- Bank of America (BAC - Get Report) saw its net interest widen to 2.27% during the third quarter from 2.15% in the second quarter. The third-quarter net interest margin was down slightly from 2.28% in the third quarter of 2011.
- For Citigroup (C - Get Report), the third-quarter net interest margin was 2.84%, widening from 2.76% in the second quarter, and from 2.82% a year earlier, making it the only member of the big four club to see its NIM widen sequentially and year-over-year.
- JPMorgan Chase (Wells Fargo) saw its net interest margin narrow to 2.40% during the third quarter, from 2.42% the previous quarter, and 2.65% a year earlier.
- Wells Fargo (WFC - Get Report) had the largest sequential decline in net interest margin during the third quarter among the big four.
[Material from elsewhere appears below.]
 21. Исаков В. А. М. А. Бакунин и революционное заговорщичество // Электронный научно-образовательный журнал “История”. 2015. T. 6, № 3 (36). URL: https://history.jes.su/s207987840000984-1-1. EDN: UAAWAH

The NIM was 3.62%, narrowing from 3.83% in the second quarter, and 3.77% in the third quarter of 2011.
- KeyCorp's (KEY) third-quarter net interest margin was 3.19%, expanding from 2.99% in the second quarter and 3.04% in the third quarter of 2011.
- First Niagara Financial Group (FNFG) of Buffalo, N.Y., saw its third-quarter net interest margin expand to 3.51% from 3.18% the previous quarter and 3.41% a year earlier, as the company's funding cost declined from its net acquisition of roughly 100 branches from HSBC (HBC).
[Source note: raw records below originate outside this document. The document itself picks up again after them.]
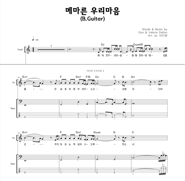 '메마른 우리 마음' 의 다른 악보형식
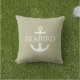 Nautical Anchor Pillow. White Nautical Anchor with Custom Boat Name on solid Grey Olive Green background. Modern anchor logo combined with classic Serif Font Boat Name template. This Khaki nautical pillow is a great decorating idea for elegant outside seating areas and a beautiful gift idea for her and him, boaters and sailors. Patio deck decorating ideas made with ocean love. #ybeedesign #ybeesea #anchorpillowsnautical #boatpillows #olivegreenpillow #khakipillow © Design y.BEE SEA
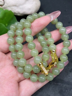 H33926108 Hetian Jade Bead Necklace Non-Gold About 8mm Total Weight Approx. 47.8g
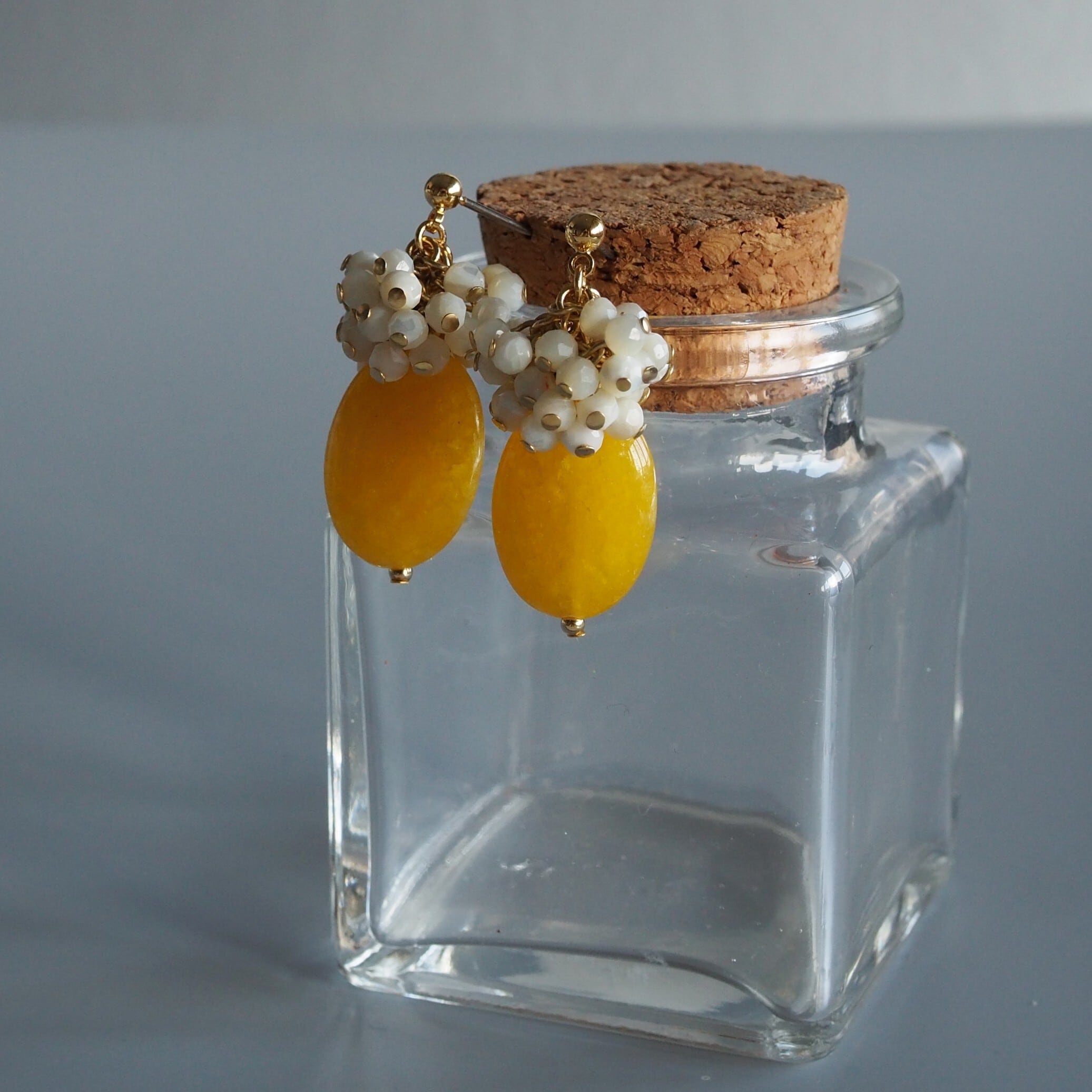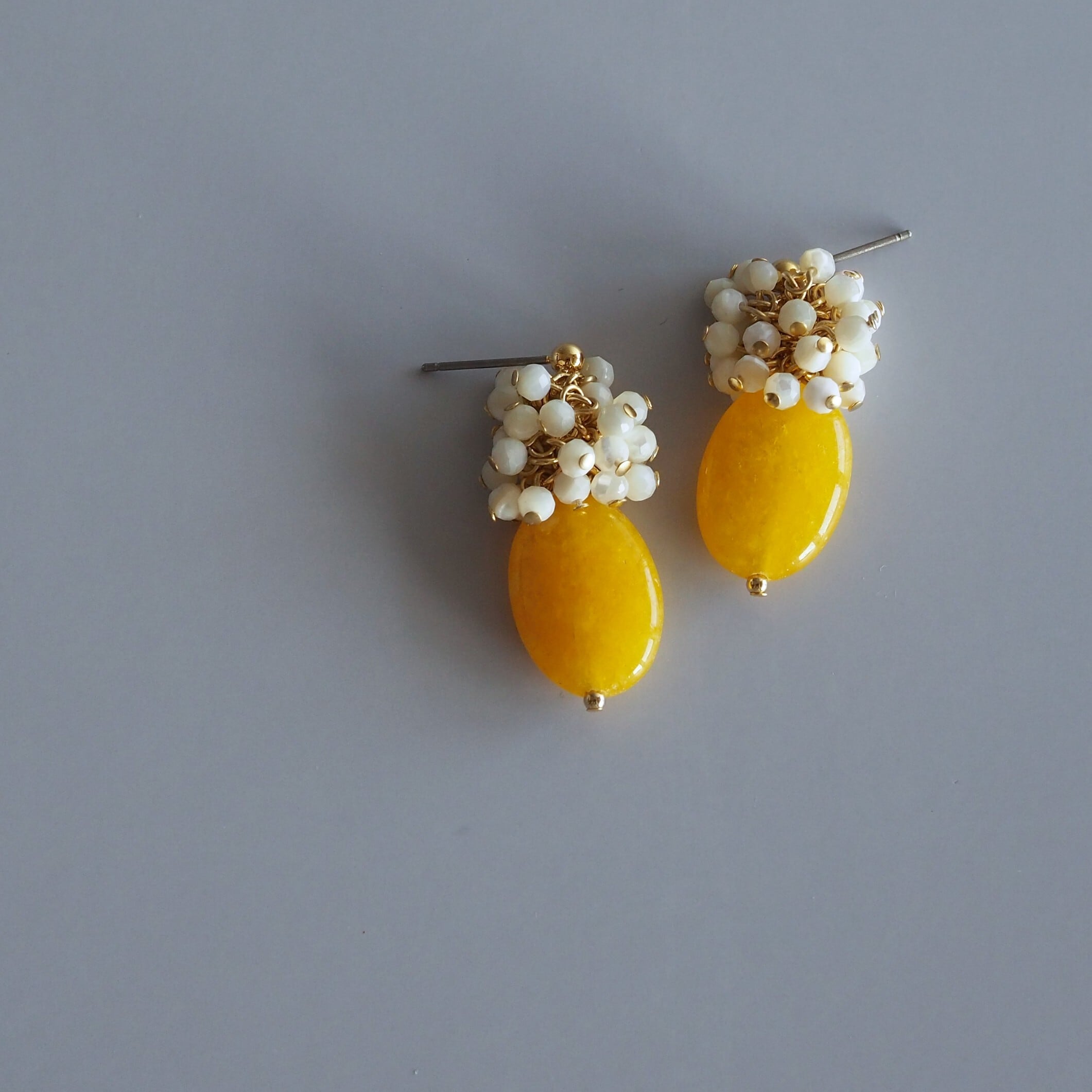 たっぷりのマザーオブパールをあしらいボリューム感満載のピアス/イヤリングに仕上げました

- M&T Bank(MTB) -- also headquartered in Buffalo, N.Y. -- saw its NIM expand to 3.75% in the third quarter from 3.68% the previous quarter, and 3.67% a year earlier. The sequential margin improvement "was predominantly due to a $1.6 billion increase in average loans and leases, largely offset by declines in average balances of lower yielding money-market assets and investment securities," according to the bank.
How Low Can Margins Go?
With the Fed continuing to pump money into the economy while boosting demand for U.S. Treasuries to clamp down on long-term rates, JPMorgan analyst Vivek Juneja on Friday said that "banks' ability to offset declining asset yields remains difficult and is exacerbated near term by high [mortgage loan refinancing activity] and the large amount of deposits invested in liquid assets. With the Fed now expected to hold interest rates flat through mid-2015, we expect NIM pressure to continue throughout 2013 and 2014 for most banks."